Well I think it is a bit unfair to say that MS coders are "shitty coders"
Innovation is made through creativity and entrepreneurship, not ones coding ability, so unless you have personally seen the source code, there is no possible way you could judge their coding ability.
It is a bit counter-intuitive, but I think Microsoft's growing lack of software innovation is a testament to just how large the company is. It is very difficult for a really large company to be innovative, because the kind of environment tends to prohibit creativity. And such companies tend to be really slow moving, not by choice, but because of the way most companies that size are organized, it takes a really long time to get anything significant done.
Those really large companies that are able to be innovative (GE comes to mind), are really only able to be so because they keep their R&D teams small (sometimes just one man) and give teams a great deal of freedom (to be creative)... That is to say, they create environments which foster innovation & creativity, rather than prohibit it.

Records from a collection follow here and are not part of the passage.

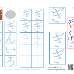 - ひらがな(平仮名)濁音(だくおん)「が」の練習ができます。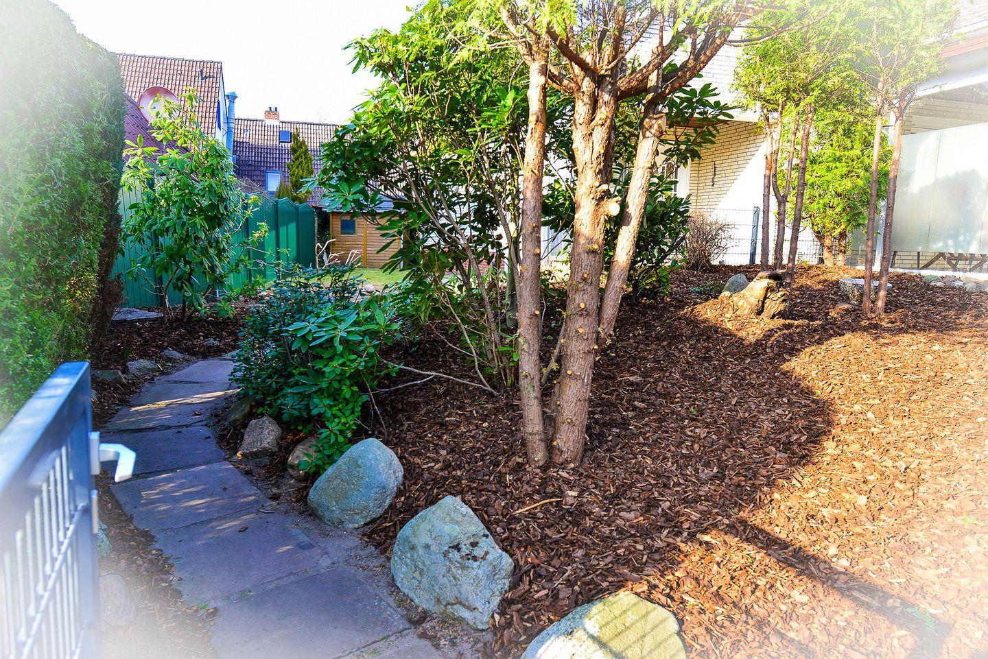 Die Gartenanlage des Grundstücks wurde kürzlich umgestaltet mit einer Rasenfläche/ Liegewiese mit Sonnenliegen auch Ihr Vierbeiner ist herzlich eingeladen, den Urlaub hier mit Ihnen zu verbringen.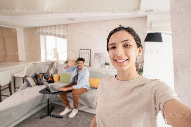 Счастливая женщина делает селфи со своим мужем на заднем плане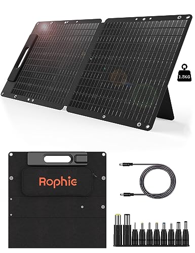 Rophie 100 W solpanel, vikbar solpanel monokristallin solmodul med MC-4-utgång för powerstation, 3,3 kg ultralätt, justerbart ställstativ, IPX67 solpanel för camping, resor, balkong

So the idea that MS should just focus on a few products and then they will somehow be made better, I actually think is wrong. I think that could only make them worse, or at best no better or worse. Because the problem, I think, is not number of products, but environment in which products are created.
I also think that the idea that the coders are not innovative because they get paid no matter what is a little out there. People are not creative because they have to be (as if telling them they would not get paid if they are not creative would make anything better), they are creative because they want to be. Such HR ideas (as you can make someone work better by giving them no choice but to work better), I think, are outdated and only will resolve in self defeat. I'll say again, you will get people to do something, do it harder, do it happier, do it better, and do it again, by getting them to want to do it; not by making them have to do it. Plus such ideas completely ignore all of the commercial companies who are innovative (with software, Apple comes to mind).